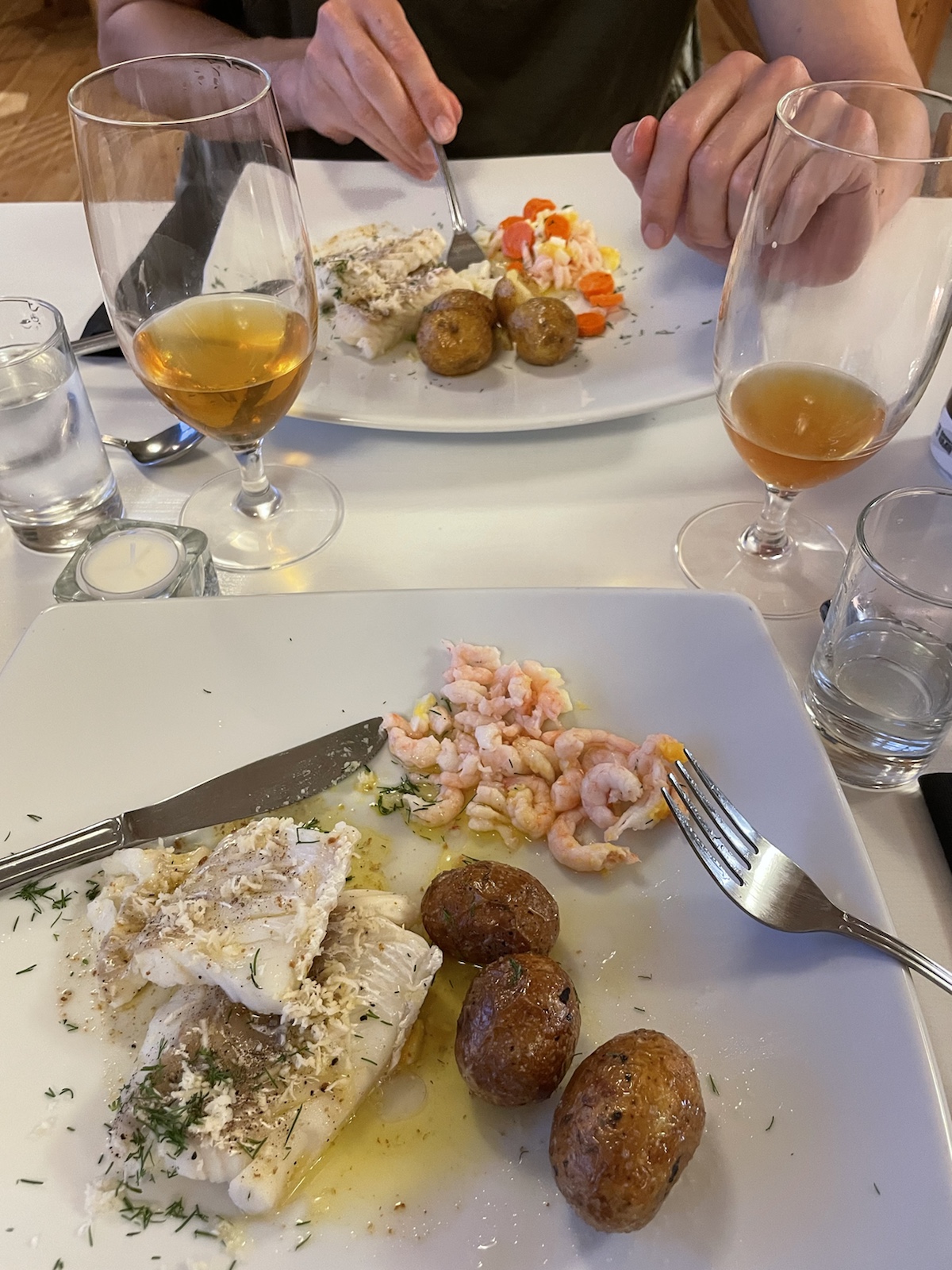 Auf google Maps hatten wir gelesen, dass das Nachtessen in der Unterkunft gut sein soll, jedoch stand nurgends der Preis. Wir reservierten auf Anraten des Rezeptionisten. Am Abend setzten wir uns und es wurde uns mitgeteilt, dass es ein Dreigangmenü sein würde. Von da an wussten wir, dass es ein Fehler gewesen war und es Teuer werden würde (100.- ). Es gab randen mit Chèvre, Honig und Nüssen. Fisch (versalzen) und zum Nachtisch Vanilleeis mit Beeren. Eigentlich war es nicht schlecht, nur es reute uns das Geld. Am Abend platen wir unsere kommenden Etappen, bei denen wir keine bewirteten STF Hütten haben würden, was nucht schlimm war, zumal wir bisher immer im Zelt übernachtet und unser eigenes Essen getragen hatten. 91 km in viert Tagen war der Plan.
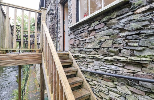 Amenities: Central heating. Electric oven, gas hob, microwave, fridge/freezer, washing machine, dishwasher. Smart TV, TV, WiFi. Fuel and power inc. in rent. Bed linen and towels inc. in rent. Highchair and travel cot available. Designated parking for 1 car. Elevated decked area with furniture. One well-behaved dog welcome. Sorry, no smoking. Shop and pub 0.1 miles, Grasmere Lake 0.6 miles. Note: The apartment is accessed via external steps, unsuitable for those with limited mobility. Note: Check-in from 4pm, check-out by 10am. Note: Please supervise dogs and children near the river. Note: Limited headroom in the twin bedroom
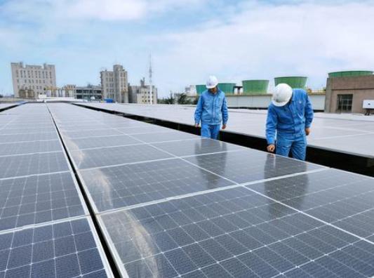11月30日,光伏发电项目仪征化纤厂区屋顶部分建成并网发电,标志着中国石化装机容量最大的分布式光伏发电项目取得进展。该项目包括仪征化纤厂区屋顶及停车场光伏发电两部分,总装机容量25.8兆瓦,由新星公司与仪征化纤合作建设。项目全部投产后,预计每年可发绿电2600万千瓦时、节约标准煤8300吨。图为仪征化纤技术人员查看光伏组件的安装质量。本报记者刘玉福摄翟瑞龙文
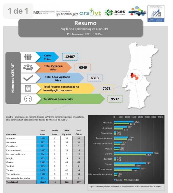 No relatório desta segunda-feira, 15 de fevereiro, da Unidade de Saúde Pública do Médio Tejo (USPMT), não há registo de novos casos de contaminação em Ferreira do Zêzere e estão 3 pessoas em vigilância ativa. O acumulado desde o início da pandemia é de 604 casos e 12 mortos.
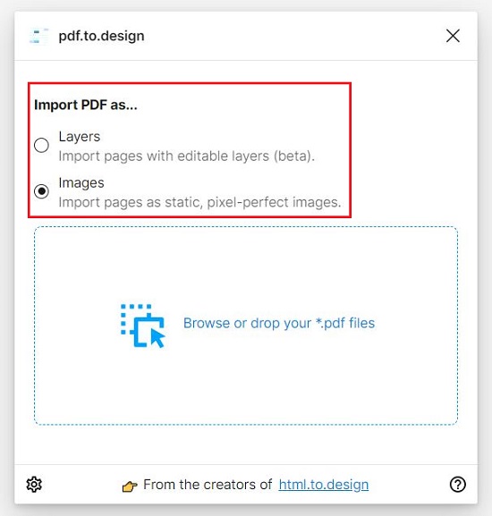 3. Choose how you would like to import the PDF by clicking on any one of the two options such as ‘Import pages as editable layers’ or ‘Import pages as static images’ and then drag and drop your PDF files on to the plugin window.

================================

> The task
Please print out the entries above exactly. The pictures stay out.

> Solution to this problem
 Auf google Maps hatten wir gelesen, dass das Nachtessen in der Unterkunft gut sein soll, jedoch stand nurgends der Preis. Wir reservierten auf Anraten des Rezeptionisten. Am Abend setzten wir uns und es wurde uns mitgeteilt, dass es ein Dreigangmenü sein würde. Von da an wussten wir, dass es ein Fehler gewesen war und es Teuer werden würde (100.- ). Es gab randen mit Chèvre, Honig und Nüssen. Fisch (versalzen) und zum Nachtisch Vanilleeis mit Beeren. Eigentlich war es nicht schlecht, nur es reute uns das Geld. Am Abend platen wir unsere kommenden Etappen, bei denen wir keine bewirteten STF Hütten haben würden, was nucht schlimm war, zumal wir bisher immer im Zelt übernachtet und unser eigenes Essen getragen hatten. 91 km in viert Tagen war der Plan.
 Amenities: Central heating. Electric oven, gas hob, microwave, fridge/freezer, washing machine, dishwasher. Smart TV, TV, WiFi. Fuel and power inc. in rent. Bed linen and towels inc. in rent. Highchair and travel cot available. Designated parking for 1 car. Elevated decked area with furniture. One well-behaved dog welcome. Sorry, no smoking. Shop and pub 0.1 miles, Grasmere Lake 0.6 miles. Note: The apartment is accessed via external steps, unsuitable for those with limited mobility. Note: Check-in from 4pm, check-out by 10am. Note: Please supervise dogs and children near the river. Note: Limited headroom in the twin bedroom
11月30日,光伏发电项目仪征化纤厂区屋顶部分建成并网发电,标志着中国石化装机容量最大的分布式光伏发电项目取得进展。该项目包括仪征化纤厂区屋顶及停车场光伏发电两部分,总装机容量25.8兆瓦,由新星公司与仪征化纤合作建设。项目全部投产后,预计每年可发绿电2600万千瓦时、节约标准煤8300吨。图为仪征化纤技术人员查看光伏组件的安装质量。本报记者刘玉福摄翟瑞龙文
 No relatório desta segunda-feira, 15 de fevereiro, da Unidade de Saúde Pública do Médio Tejo (USPMT), não há registo de novos casos de contaminação em Ferreira do Zêzere e estão 3 pessoas em vigilância ativa. O acumulado desde o início da pandemia é de 604 casos e 12 mortos.
 3. Choose how you would like to import the PDF by clicking on any one of the two options such as ‘Import pages as editable layers’ or ‘Import pages as static images’ and then drag and drop your PDF files on to the plugin window.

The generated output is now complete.